Editorial
Take it easy, baby
Whether or not women have children should be a matter of their personal choice, not societal pressure.If you don’t have children, you are not necessarily infertile. Perhaps you don’t want one, for whatever reason. Yet the Nepali society continues to treat couples without children as odd, and somehow medically defective. And in a still highly patriarchal setup like Nepal’s, the blame for childlessness invariably falls on women. They get asked intrusive questions about their reproductive health. Often, men in such childless unions are asked to remarry so that they can have babies and take the family lineage forward. According to a 2020 study, Nepali couples are often put under pressure into having a child in the first year of their marriage, even when both husband and wife don’t want a baby. Even if one or the other member of a couple is infertile, another research in West Africa suggests, infertility in itself is not a cause for women’s anguish, it's also what is known as the Social Pressure for Pregnancy (SSP). Most women who failed to conceive cited external pressure from families and society as the main cause of their distress.
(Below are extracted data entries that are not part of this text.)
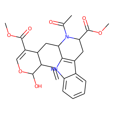 C=CC1C(O)OC=C(C(=O)OC)C1CC1c2[nH]c3ccccc3c2CC(C(=O)OC)N1C(C)=O| HBA: | 9 | RingCount: | 4 |
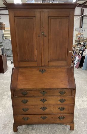 19th Century Chippendale Style Secretary Bookcase, two piece, drop front desk, four drawers, good condition, 79"h., 20"d., 39"w. Location 2nd Row. Location: 6th Row 19th Century Chippendale Style Secretary Bookcase, two piece, drop front desk, four drawers, good condition, 79"h., 20"d., 39"w. Location 2nd Row. Location: 6th Row
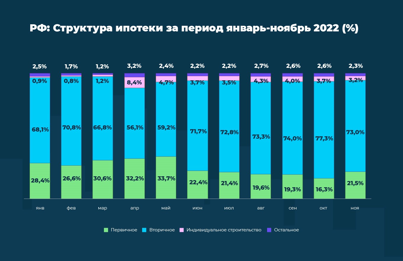 Динамика распределения ипотеки по типам кредитов (приобретение первичного и вторичного жилья, индивидуальное строительство, остальное: нецелевой кредит под залог недвижимости, рефинансирование, военная ипотека) для всей России за период январь–ноябрь 2022.
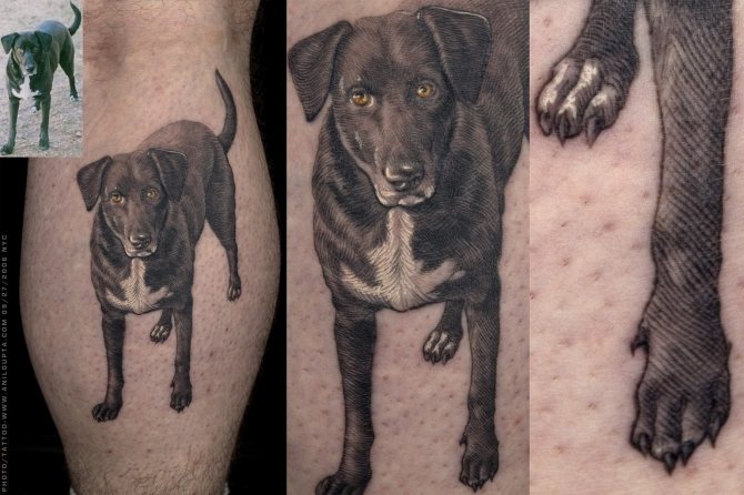 Мястото на татуировката на кучето зависи от вас. Няма забрани.
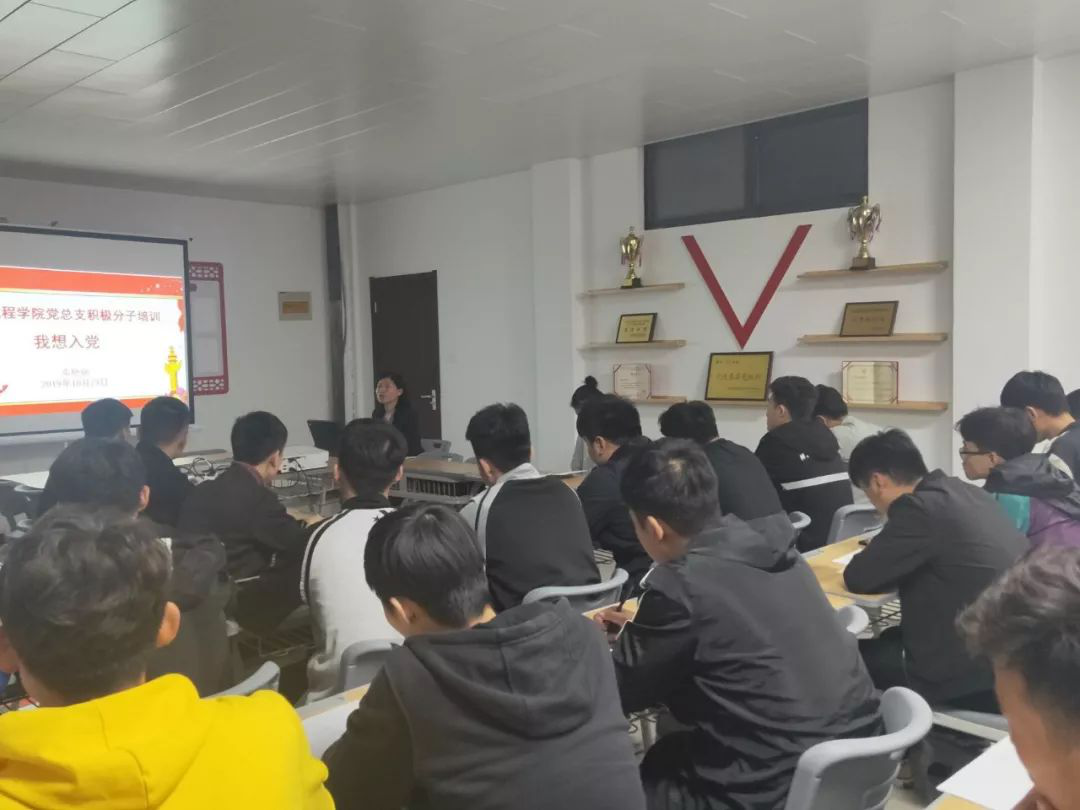 2019年10月23日,pg娱乐电子游戏官网入口党总支入党积极分子培训在党员活动室办公楼212房间拉开帷幕,本次培训由党总支副书记邓艳丽从五个方面为同学们主讲党课--《我想入党》。

As is the case in much of the world, the fertility rate in Nepal has been on a steady decline. For instance, in the two decades since 2002, there was a 50 percent dip in the country’s fertility rate. Greater awareness on family planning, increasing literacy and the rise in the number of families where both partners earn are responsible for this decline. So, again, many couples are not having children mostly out of choice. Yet women in particular continue to be under incredible social pressure to have babies, with women’s agency over their own bodies constantly undermined by their larger family and friend circles. Let’s face it, Nepal is still a men’s country where women and girls are routinely abused, verbally if not physically. When they face sexual assault, it becomes the women’s responsibility to establish guilt, even as the idea of consent is broadly defined in favour of the male perpetrator. There are far fewer women in decision-making roles, both in public and private sectors, again because of entrenched bias against women’s leadership qualities.
It is hardly a surprise that whenever the chhaupadi huts are brought down in western Nepal, they come right back up. There could be no better example of society's attempt to control women, including their sexual and reproductive lives. Things are not so bad for women in urban parts of Nepal, but it is far from satisfactory. Women are expected to have more children, yet most organisations offer little in terms of maternity leave. It is good that the government is preparing to extend maternity leave to six months from the current provision of 14 weeks. Such progressive policies will help women better juggle work and family. They should also help Nepal avert the kind of sharp decline in population fast-ageing countries like Japan and China are now witnessing. But, at the end of the day, it is the women who should decide whether or not they want to have babies and how many. In a progressive society, they should get the environment to do so.